Be perfect as your heavenly Father is perfect – rough version of the Leviticus verse used in Matthew 5:48. Skip points out that in Leviticus it says to be holy, but that’s not the point. Skip also digs into the word that was originally used for “perfect” or “holy.” I always thought when it said to be perfect, it meant to not do anything wrong, ever. That’s just not possible for a human. But Skip points out that the word used in the Hebrew can mean complete or blameless. Obviously the translation with “holy” means to be blameless, but it can also mean complete… so to be perfect is not so much being good, it’s being perfected and complete. He also wonders if perhaps the author uses an ambiguous term so that the verse can mean either thing. As he writes, “Did Yeshua tell us to be fully complete or to be blameless – or maybe both at the same time? Maybe walking toward the Lord with a forgiven heart is the same as being complete.” That’s pretty cool! Want to read more? Go to Skip’s website.
“As for God, His way is perfect.All the Lord’s promises prove true…” ~2 Sam. 22:31a All His promises prove TRUE. This is the crux of my doubts lately. Do His promises prove true for everyone or just some people. I guess, at my pity party and narrow point of view, it seems that I hear amazing stories about God answering His promises… but when it comes to my life, I don’t see this. I’m probably too close to the situation (forest for the trees?), because I know God’s answered a lot of prayers in my life. It just often seems that the promises hold true for THEM, but not always for ME. Selfish, huh? Maybe God’s trying to get me to look past my narrow scope and remember that His ways are waaaay above what I can guess or imagine. So, I don’t understand, but that doesn’t mean He lied. Lemony Snicket put it this way: “Just because I don’t understand, doesn’t mean it isn’t so.” Good words from a great author! Anyhow, God is perfect – so He can’t lie. Therefore He is true… and everything He does is true – including making promises.
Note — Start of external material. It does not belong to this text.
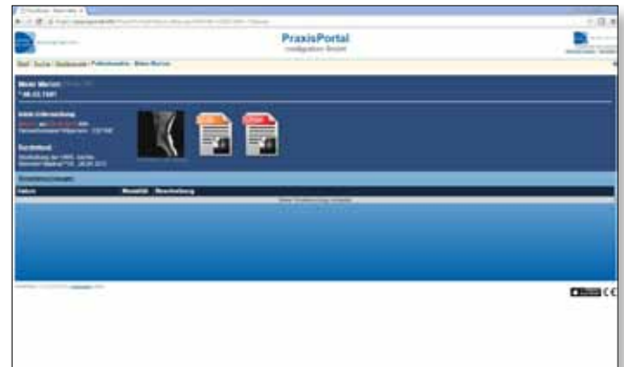
Patientenakte mit DICOM-Bildern, Structures Reports und PDF (z.B. Befunde)
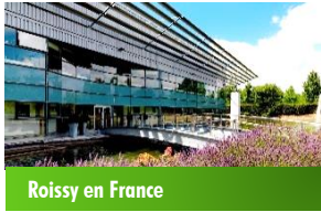
Roissy en France

John and I have been going through some pretty intense financial issues, and recently our church did a series called “The Blessed Life” from the book by Robert Morris. It was incredible, as was the book. Although we had been tithing, it gave us a totally different perspective on what we were doing and not doing… so we made some changes in how we did things. And things got worse… both kids and both of us got sick, one in the hospital resulting in lost work days and wages, both were home from daycare (which we have to pay for whether they go or not), and it just seemed to keep coming. Finally, after being thrown up on for the 5th time in one day, I lost it and I got mad at God. I told my poor husband that it seemed like God must hate us. We try to do the right thing and He throws us under the bus. Does He love us like He says He does? Does He keep His promises in the Bible (like the ones that promise blessing, etc.)? Is He even paying attention to us (it certainly feels like were being ignored)? He, of course, was just as frustrated by the situation and he didn’t have any answers, either. For a couple of days I really questioned God, searching for some kind of answers or justification or something that would explain what was going on. I didn’t find much. But, I heard a song by Barlow Girl with a verse that said, “I’m about to let go, and live what I believe, I can’t do a thing now, but trust that you’ll catch me.” That pretty much became my motto. I know from past experience that God is real – I have no doubt about that. But, I don’t know that He’ll catch me. And right now, there’s nothing I can about our situation at all. So, do I live what I believe – that God is who He says He is? So, I let go. I believe that He will do and be who and what He says He is. I don’t understand; I really don’t get it, but I know what I believe – that He is God. So, I live it even if I don’t understand and hope that someday, He’ll make it make sense. SO, that being said, this is The God Hunt. Who is God? What is He like? What on earth is He up to? This is my quest, my search, my question, my Hunt.